In default UMAP, a weighted k nearest neighbor (k-NN) graph, which connects each datapoint to its 𝑘 nearest neighbors based on some distance metric, is constructed and used to generate the initial topological representation of a dataset.

However, previous research has shown that using a weighted k-NN graph may not provide an accurate representation of the underlying local structure for a high dimensional dataset. The k-NN graph is relatively susceptible to the “curse of dimensionality” and the associated distance concentration effect, where distances are similar in high dimensions, as well as the hub effect, where certain points become highly influential when highly connected. This skews the local representation of high dimensional data, deteriorating its performance for various similarity-based machine learning tasks.

A recent paper titled Clustering with UMAP: Why and How Connectivity Matters proposes a refinement in the graph construction stage of the UMAP algorithm that uses a weighted mutual k-NN graph rather than it vanilla counterpart, to reduce the undesired distance concentration and hub effects.

Mutual k-NN graphs have been shown to contain many desirable properties when combating the “curse of dimensionality” as discussed in this paper . However, one pitfall of using a mutual k-NN graph over the original k-NN graph is that it often contains disconnected components and potential isolated vertices.

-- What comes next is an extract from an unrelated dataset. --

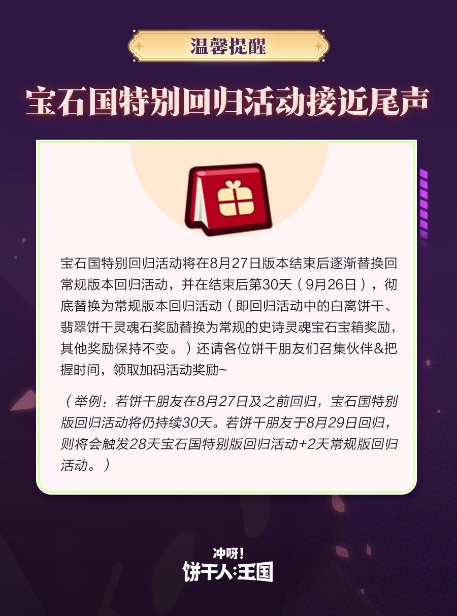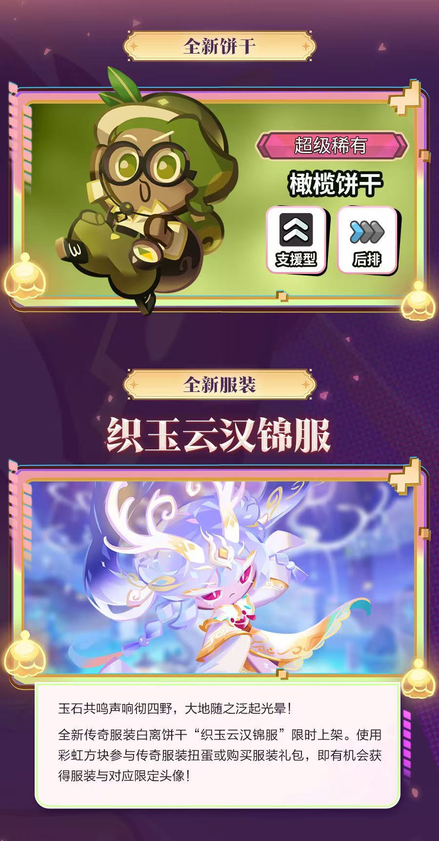 全新「守护之战新赛季」打响!全新饼干考古学家「橄榄饼干」开启UP,误打误撞来到宝石国的他,真正的目的地究竟是……?更有白离饼干全新传奇服装开启UP!在遗世的宝石王国,继续这场狂欢吧~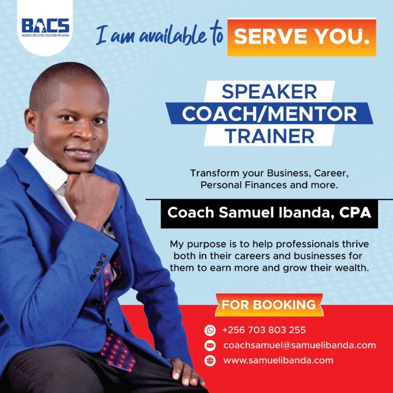 Coach Samuel is passionate at inspiring Professionals to go after their dreams and attain financial freedom. He is the founder of Business and Career Solution Hub Africa, one of East Africa’s leading personal development mentorship platforms with a membership of professionals from over 37 countries. He uses the platform to coach and mentor members on life skills, personal finance, career development, business development etc.

This violates one of UMAP primary assumptions that “The manifold is locally connected.” To combat the issue of isolated components, the authors consider different methods that have been previously used to augment and increase the connectivity of the mutual k-NN graph:

NN: To minimally connect isolated vertices and satisfy the assumption that the underlying manifold is locally connected, we add an undirected edge between each isolated vertex and its original nearest neighbor (de Sousa, Rezende, and Batista 2013).Note that the resulting graph may still contain disconnected components.
MST-min: To achieve a connected graph, add the minimum number of edges from a maximum spanning tree to the mutual k-NN graph that has been weighted with similarity-based metrics(Ozaki et al. 2011). We adapt this by calculating the minimum spanning tree for distances.
MST-all: Adding all the edges of the MST.

They also different ways to obtain the new local neighborhood for each point x_i:

Adjacent Neighbors: Only consider neighbors that are directly connected(adjacent) to x_i in the connected mutual k-NN graph.
Path Neighbors: Using shortest path distance to find the new k closest points to x_i with respect to the connected mutual k-NN graph. This shortest path distance can be considered a new distance metric as it directly aligns with UMAP’s definition of an extended pseudo-metric space.

Visualizing the Results

To see the differences between using a mutual k-NN graph vs the original k-NN graph as the starting topology for UMAP, let’s visualize the 2D projections generated for MNIST, FMNIST, and 20 NG Count Vectors using each of the discussed methods. For all code snippets to reproduce the results and visualizations, please refer to this Github repo. Will be adding this soon as a mode to the original implementation.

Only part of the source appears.